++++ Record excerpts ++++
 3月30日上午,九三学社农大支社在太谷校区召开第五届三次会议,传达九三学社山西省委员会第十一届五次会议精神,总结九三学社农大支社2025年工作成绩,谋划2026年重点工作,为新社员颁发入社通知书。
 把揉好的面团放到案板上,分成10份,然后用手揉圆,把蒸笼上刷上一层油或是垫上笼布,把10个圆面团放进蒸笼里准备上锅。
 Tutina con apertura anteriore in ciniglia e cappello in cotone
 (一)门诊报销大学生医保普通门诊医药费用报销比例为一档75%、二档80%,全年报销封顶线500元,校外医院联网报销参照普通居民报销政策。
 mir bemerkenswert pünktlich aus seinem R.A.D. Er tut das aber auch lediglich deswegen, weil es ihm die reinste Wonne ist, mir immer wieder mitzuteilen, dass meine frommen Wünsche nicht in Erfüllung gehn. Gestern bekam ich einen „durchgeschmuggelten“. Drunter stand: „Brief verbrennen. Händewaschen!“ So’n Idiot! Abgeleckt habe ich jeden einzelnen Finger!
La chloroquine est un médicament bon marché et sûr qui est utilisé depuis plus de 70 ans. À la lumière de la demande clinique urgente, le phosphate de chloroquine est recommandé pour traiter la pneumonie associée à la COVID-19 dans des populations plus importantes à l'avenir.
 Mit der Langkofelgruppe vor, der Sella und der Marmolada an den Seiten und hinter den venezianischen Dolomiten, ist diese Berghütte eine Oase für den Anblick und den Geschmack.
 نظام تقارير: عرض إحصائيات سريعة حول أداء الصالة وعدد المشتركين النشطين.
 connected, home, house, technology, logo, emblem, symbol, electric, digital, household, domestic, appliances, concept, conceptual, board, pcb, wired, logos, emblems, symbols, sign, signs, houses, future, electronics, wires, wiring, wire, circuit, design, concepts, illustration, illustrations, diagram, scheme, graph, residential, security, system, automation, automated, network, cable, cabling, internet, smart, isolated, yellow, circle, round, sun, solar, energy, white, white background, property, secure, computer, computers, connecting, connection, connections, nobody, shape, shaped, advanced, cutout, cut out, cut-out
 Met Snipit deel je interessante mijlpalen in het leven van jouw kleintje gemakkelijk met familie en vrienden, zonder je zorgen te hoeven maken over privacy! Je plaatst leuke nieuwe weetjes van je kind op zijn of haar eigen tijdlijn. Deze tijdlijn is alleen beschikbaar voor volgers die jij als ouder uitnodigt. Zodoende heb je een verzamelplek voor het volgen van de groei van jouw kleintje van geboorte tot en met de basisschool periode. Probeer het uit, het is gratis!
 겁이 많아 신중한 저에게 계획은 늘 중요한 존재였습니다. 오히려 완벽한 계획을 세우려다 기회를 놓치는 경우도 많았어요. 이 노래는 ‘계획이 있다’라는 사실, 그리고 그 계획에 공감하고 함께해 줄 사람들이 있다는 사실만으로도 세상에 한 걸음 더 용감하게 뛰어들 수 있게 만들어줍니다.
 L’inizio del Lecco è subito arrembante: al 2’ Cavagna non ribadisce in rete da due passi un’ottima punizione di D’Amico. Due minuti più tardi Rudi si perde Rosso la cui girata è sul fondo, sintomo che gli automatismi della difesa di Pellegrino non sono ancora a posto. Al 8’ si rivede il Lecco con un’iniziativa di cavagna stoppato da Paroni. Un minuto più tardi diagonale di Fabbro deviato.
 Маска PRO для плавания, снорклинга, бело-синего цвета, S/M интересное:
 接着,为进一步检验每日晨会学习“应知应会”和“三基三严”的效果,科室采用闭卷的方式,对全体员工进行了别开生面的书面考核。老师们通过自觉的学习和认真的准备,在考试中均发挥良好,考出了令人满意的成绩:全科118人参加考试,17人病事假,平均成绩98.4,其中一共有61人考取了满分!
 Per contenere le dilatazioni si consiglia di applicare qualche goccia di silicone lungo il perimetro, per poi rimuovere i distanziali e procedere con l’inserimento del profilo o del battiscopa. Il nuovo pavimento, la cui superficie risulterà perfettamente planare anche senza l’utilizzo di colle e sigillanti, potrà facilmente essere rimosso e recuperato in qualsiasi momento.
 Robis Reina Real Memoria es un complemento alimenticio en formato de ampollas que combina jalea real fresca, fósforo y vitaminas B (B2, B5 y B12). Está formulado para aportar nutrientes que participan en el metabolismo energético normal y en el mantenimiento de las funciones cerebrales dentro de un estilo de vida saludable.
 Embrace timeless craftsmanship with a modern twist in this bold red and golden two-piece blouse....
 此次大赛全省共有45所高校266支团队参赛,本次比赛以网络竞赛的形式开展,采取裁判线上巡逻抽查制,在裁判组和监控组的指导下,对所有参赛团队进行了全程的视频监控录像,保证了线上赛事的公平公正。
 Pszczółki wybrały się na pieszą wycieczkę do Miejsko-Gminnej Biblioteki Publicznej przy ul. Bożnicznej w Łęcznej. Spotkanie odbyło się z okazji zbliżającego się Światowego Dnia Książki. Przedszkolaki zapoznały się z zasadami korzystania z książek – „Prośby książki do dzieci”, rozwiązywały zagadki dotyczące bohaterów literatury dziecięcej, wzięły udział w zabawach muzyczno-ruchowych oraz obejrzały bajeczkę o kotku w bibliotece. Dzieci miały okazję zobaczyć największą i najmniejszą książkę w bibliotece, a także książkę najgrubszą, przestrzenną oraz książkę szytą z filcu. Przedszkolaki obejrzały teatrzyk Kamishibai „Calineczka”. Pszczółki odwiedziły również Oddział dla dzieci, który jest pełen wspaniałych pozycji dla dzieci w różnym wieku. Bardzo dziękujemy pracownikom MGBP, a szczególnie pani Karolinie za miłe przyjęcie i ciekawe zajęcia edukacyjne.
++++
## Task statement
Stopping at the line containing "(一)门诊报销大学生医保普通", please repeat exactly every line from the very start of the entries, that line included, and nothing more.

## Output for this task
 3月30日上午,九三学社农大支社在太谷校区召开第五届三次会议,传达九三学社山西省委员会第十一届五次会议精神,总结九三学社农大支社2025年工作成绩,谋划2026年重点工作,为新社员颁发入社通知书。
 把揉好的面团放到案板上,分成10份,然后用手揉圆,把蒸笼上刷上一层油或是垫上笼布,把10个圆面团放进蒸笼里准备上锅。
 Tutina con apertura anteriore in ciniglia e cappello in cotone
 (一)门诊报销大学生医保普通门诊医药费用报销比例为一档75%、二档80%,全年报销封顶线500元,校外医院联网报销参照普通居民报销政策。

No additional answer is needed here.